Saturday 26th October
We travelled down to Whangamata early on Saturday morning. Picture postcard day, fine, cloudless and warm. Low tide was at 7.00 pm and the wind gradually built up during the day to reach an apex of around 10 knots as I ambled out across the flats at 5.00 pm. It was blowing steadily from W though which meant it was hitting me in the middle of the back and aiding casting distance. Primo. The estuary was clear and alive with fish. Small kahawai were evident in the margins, darting in and out of the channel to harass the tiny bait fish which were quivering in fear. I started out targeting the “honey hole” where I’d struck pay dirt on my last visit and opted to attach a Bento Sassy Shad on ¼ oz. jig head. The tide was not that strong so the lure did not bounce along the bottom seductively. It was also hard to mend line with the longer rod and keep in touch with the lure as it tracked in an arc shoreward. I hooked and landed an 8" kahawai within 3 casts. Nothing else for next 45 minutes, even when changed to lighter 1/6 oz jig head.
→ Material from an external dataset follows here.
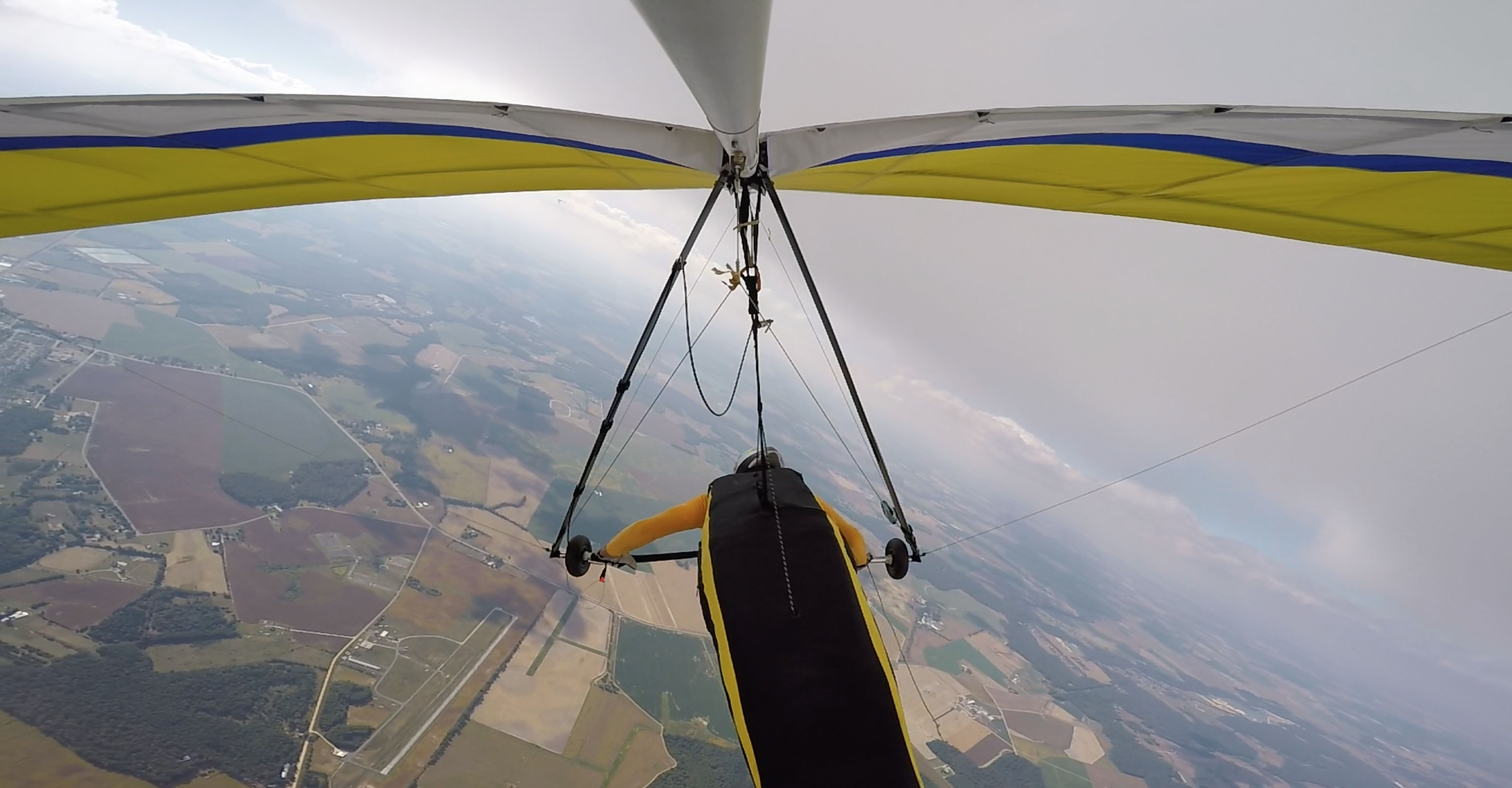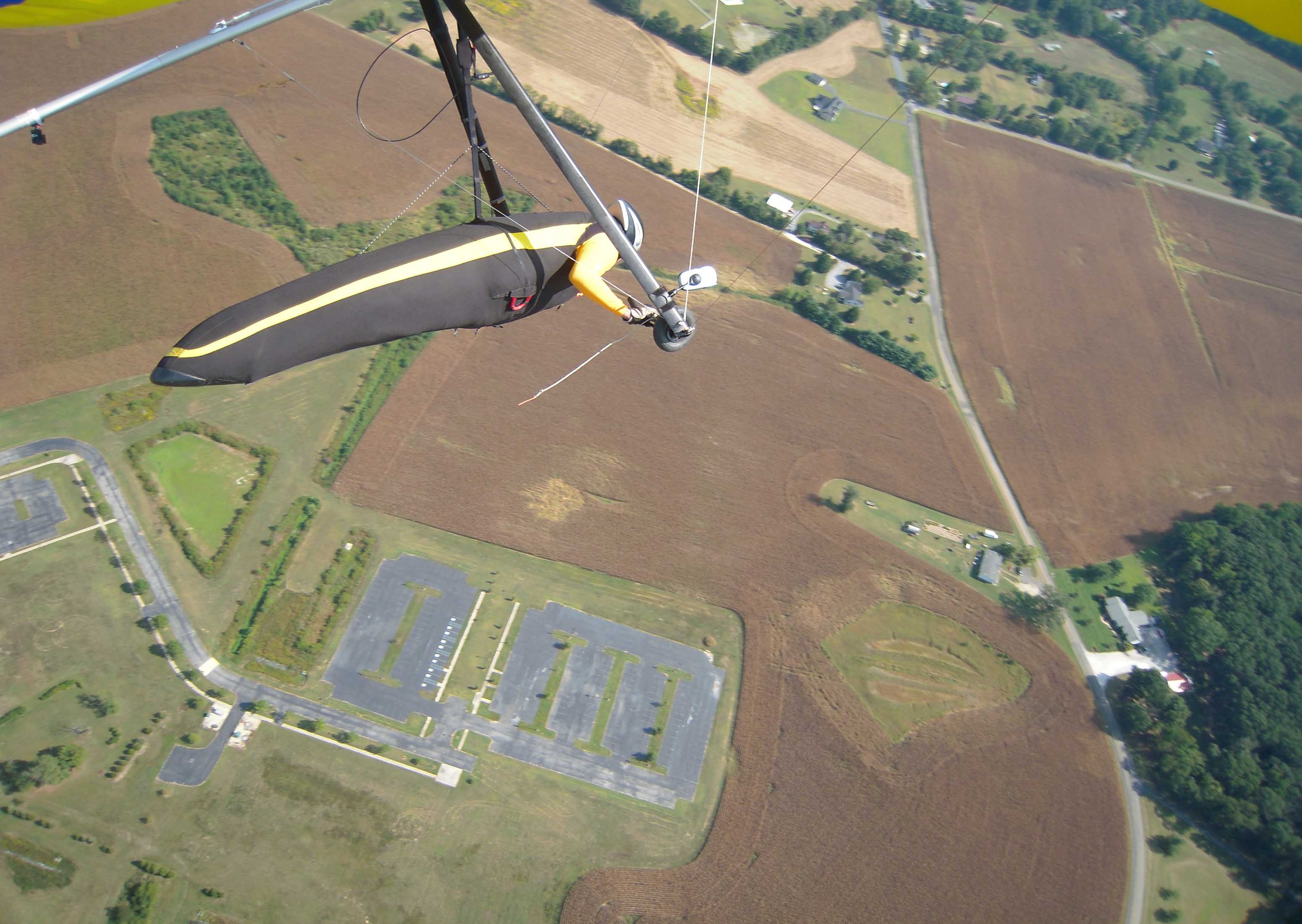 After reaching cloud base on Friday, I would glide to other clouds with mixed results and on two attempts; most of my altitude had been squandered. Here ‘s a sequence of images from one of the low saves that started during the downwind leg of an abandoned landing pattern. As you can see from the photos, the thermal was pretty much centered over the parking lot with little or no drift detected below 3K msl. Above 3K, the core that I was clinging to most likely fused with others and near cloud base (see second image of the first post) there was lift everywhere!

In desperation I switched to Clown Yo-Zuri 3D Vibe and worked downstream towards the main side stream. I immediately started to hook fish more regularly as got close to confluence, especially downstream of a moored yacht. It was blue riband fishing and I hooked 8 fish in 45 minutes. The highlight was spotting a large kahawai harassing baitfish close to the far bank and lobbing the lure close enough to elicit a strike. Strike would be an understatement as it absolutely slaughtered the lure and immediately set sail for Argentina. It jumped 15 times before I was able to gain a modicum of control and draw it into the shallows using the powerful ML 4SureSpin, 15 minutes later. Four pounds of fast twitch muscle fibre. For the record I was using a standard medium retrieve with occasional rip with tip of rod. The large kahawai had heavy bruising and scale loss behind its head on spine where it had obviously been recently caught in a maw of a sizeable kingfish (see photograph). This got me thinking that it was a large kingfish that smoked me earlier in the month.
Sunday 27th October
Low tide was at 7.10 am so I was up the next morning with the birds as they competed for ascendency in the dawn chorus. It was a cool start to the day but there was no cloud and it was fine and still. The heavy panting of amorous birds insufficient to ripple the mirror like surface of the estuary. I started fishing at 6.20 am near the main confluence where I was successful yesterday but gave up quickly as this required wading and my PVC waders were as water tight as a colander. I opted to back track, cross the side stream and work my way back up to the “honey hole”. I’d attached the ever reliable Clown Yo-Zuri 3D Vibe but it only snared one small kahawai in 30 minutes. By now the sun had just breasted the brow of the headland and started to warm the surface of the estuary. Sheets of steam flashed from the surface and tracked skyward like mare's tails. It was glorious and I was operating on auto-pilot.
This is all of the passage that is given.